Shading my eyes I searched for Mary’s face in the throng. But there was no sign of her. Neither had she appeared by the time we all trooped into the porch.

  It took a moment for my eyes to adjust to the shadowy world within. Here and there pools of jewelled light fell on the stones. I breathed in the ancient, unchanging scent of incense and candle wax and aged wood. My heart shifted against my ribs. I’m here, Jane, I said silently.

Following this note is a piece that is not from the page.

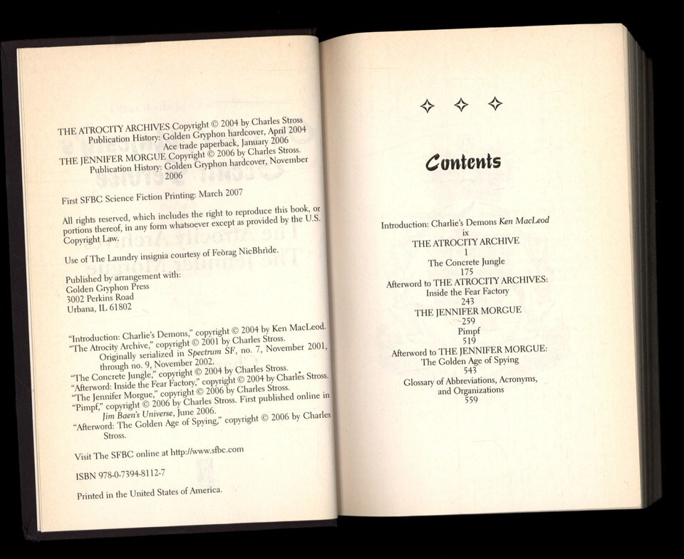 ON HER MAJESTY'S OCCULT SERVICE by Charles Stross * 2007 SFBC Hardcover Jacket

  ‘We’ll sit at the back, shall we?’ Anna took my arm. ‘Aunt Cass is going in the second pew with Uncle Edward and Uncle Henry.’ As she spoke Henry walked past us, carrying the sweet-faced Eleanor, who was beautifully attired in a gown of fine apricot muslin trimmed with ivory rosebuds. He has so much to answer for, I thought, so much to reveal. But how could I interrogate him in these circumstances? And how would he react if, as I suspected, he was wholly ignorant of Mary’s crimes? I had lost my dearest friend but he had lost a sister, a brother and a lover. A man of the cloth he may be, but he would have to exert superhuman self-control on discovering such a thing. And whatever he did would impact on Eleanor. How could I contemplate threatening the well-being of a woman who so needed and deserved his support?

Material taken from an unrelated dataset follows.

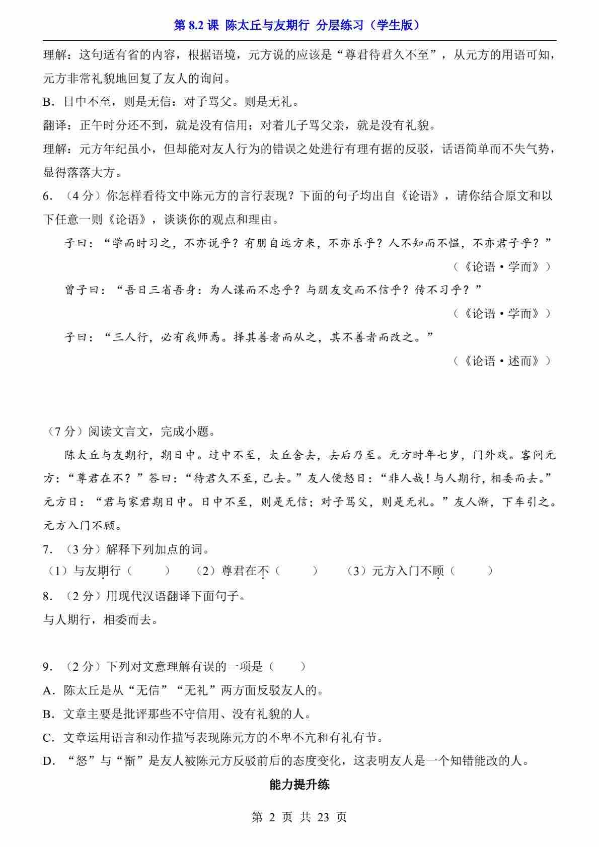 第8.2课 陈太丘与友期行(分层练习)

  ‘Come on.’ Anna steered me towards the side chapel where the service was to be performed. To reach it we had to pass the very spot where Jane lay. ‘Good morning, Aunt Jane – we’ve come to see Martha Lloyd marry Uncle Frank,’ she whispered. ‘But I suppose you know that already, don’t you?’ She kissed her gloved fingers and bobbed down to touch the stone. ‘I know I said I don’t believe in ghosts, but I bet she’s looking down on us; she wouldn’t have missed it for the world, would she?’

  ‘She wouldn’t.’ I swallowed hard. It was almost unbearable to think of Mary walking past her grave, as she surely would any moment now. I glanced over my shoulder. Edward was coming through the door with Charlotte on one arm and Louisa on the other. No change there, then, I thought. Fanny was behind him, accompanied by a gaggle of young people who ranged in age from late teens to late twenties. Anna told me that some of these were Frank’s children and some were Edward’s but the only one I recognised was Brook-John, because, like James-Edward, he was the spitting image of Henry.